First, we trained an updated “Concave Model” with 60 standard cases + 6 concave cases. The remaining 4 concave cases were used as test-set. Second, we trained an updated “Multiple Lesion Model”, with the 60 standard cases + 6 concave cases. Again, 4 cases were used as a test-set. Finally, we retrained the initial model with 60 standard cases + 6 concave cases + 6 multiple lesion cases. We tested the latter model on the standard test set as well as on the specific test cases, and compared this with the results of the initial model. An overview of the experimental setup is given in
Figure 1.
2.6. Evaluation
The trained models were tested on the test set and the prediction of the dose was compared to the actual planned dose by means of the standardized metrics used by the OpenKBP challenge [
8]: The dose score and the DVH score.
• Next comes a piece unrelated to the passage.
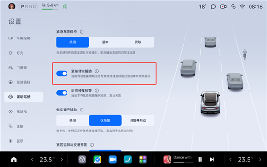 不过,在OTA升级后,AES“紧急转向辅助功能”默认为关闭状态,需您在车机中手动开启该功能。
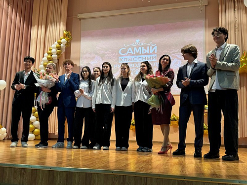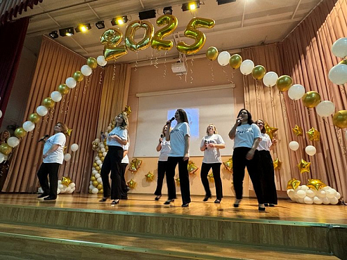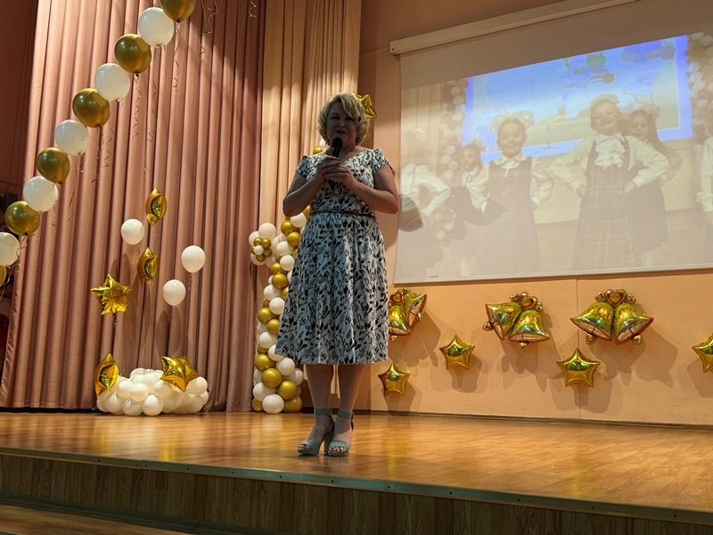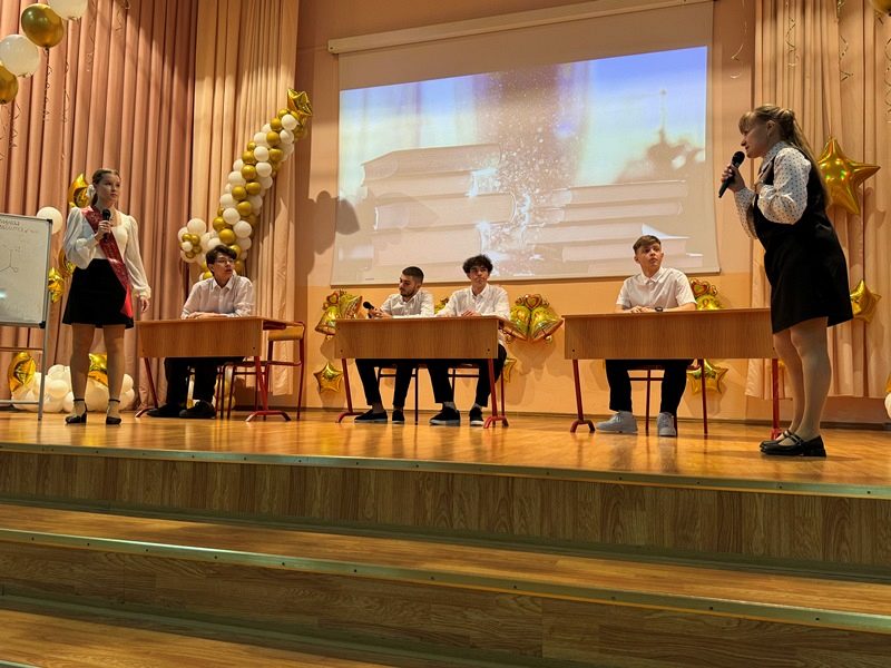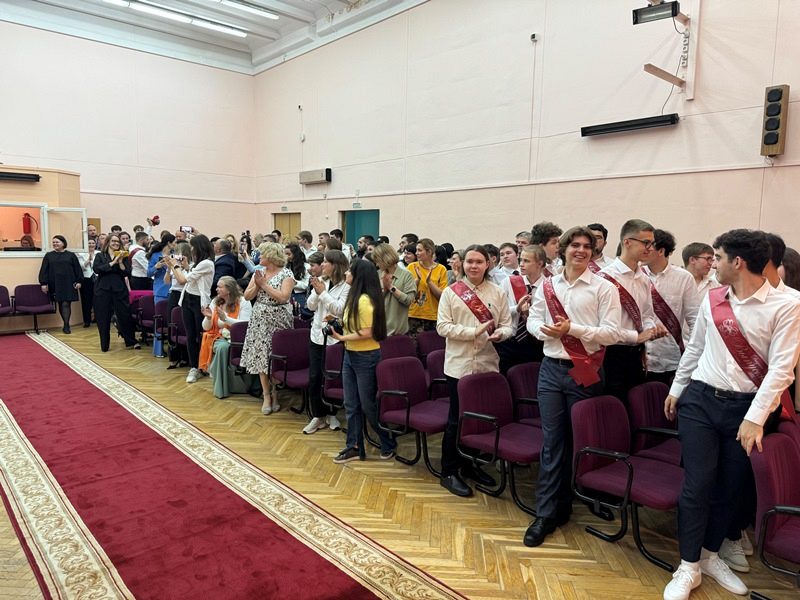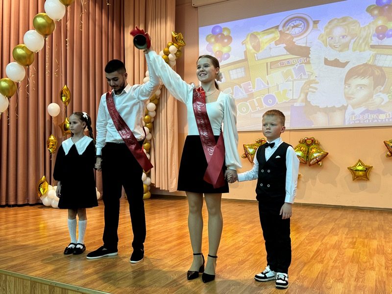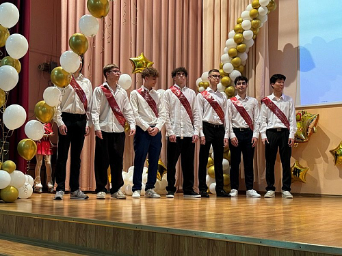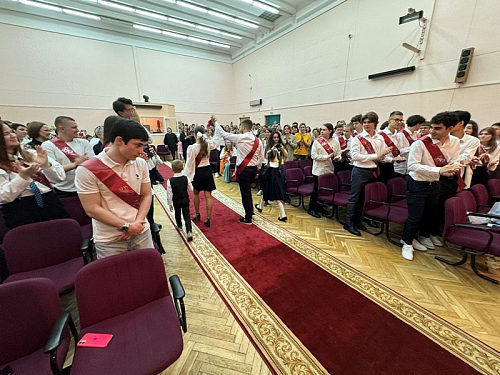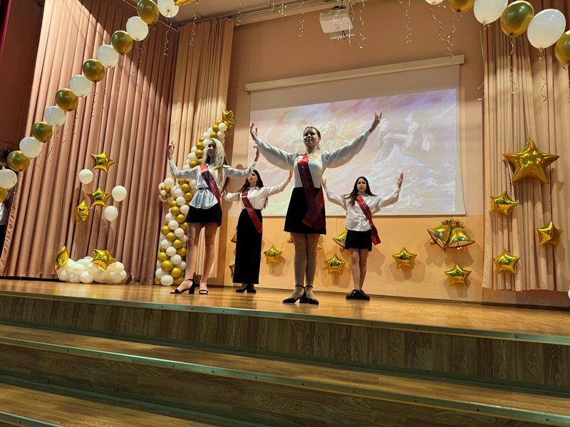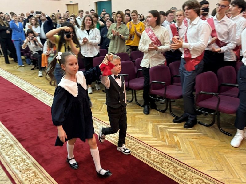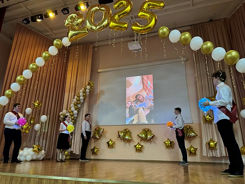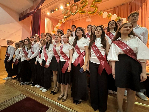 Выпускники, учащиеся 11-х двух классов, школьники, учителя и родители собрались в актовом зале школы. Прозвучал Гимн Российской Федерации.

The dose score measures the mean error over all the voxels between the two 3D volumes. In this case, we used the whole brain to measure the dose score instead of the whole CT volume or whole body volume. Taking a larger volume will dilute the results to a more positive outcome. The DVH score is the mean error over a set of criteria specific to the given volume. For OARs, these criteria are the mean dose (Dmean) and the maximum dose to 0.1cc (D0.1cc). For the target volume the criteria are the dose received by 1%, 95% and 99% of the voxels within the volume (D1, D95 and D99). The DVH score is calculated for all OARs used in training (lens and retina are combined within the eye, since overlapping masks were not possible). We report the mean results over the 5 trained models in a five-fold split for the evaluation.
Additionally, the initially trained model and the updated models were tested on a set of concave target cases, a set of multiple lesion cases and a combined test set that includes both plus the standard test set.
3. Results
Based on the initial training set of 60 cases, the performance of the initial model was determined on the standard test set of 20 cases. The mean results over 5 independently trained models showed a dose score, measured over the whole brain volume of 0.94 (standard deviation [SD] = 0.36). The mean DVH score over all OARs and the target was 1.95 (SD = 0.95).
3.1. Reults on sensitivity
An overview of the 9 alternative left optic nerve contours is shown in
Figure 3. The mean dose to the ONL based on the treatment planning system and the mean dose based on the prediction model for the reference and the 9 alternative contours are shown in
Table 2. There is a reasonable variation in mean dose among the different alternative contours with respect to the reference contour. In some cases, only minor changes to the mean dose occur, even though the DSC metric shows a significant difference in contour similarity. In other cases, the mean dose change with respect to the reference contour can be up to 5 or 7 Gy difference. The difference between the calculated dose and the predicted dose seems to follow a trend and varies between a maximum of 3.50 Gy with a mean of 1.38 Gy. This states that the predicted dose is more often overestimated.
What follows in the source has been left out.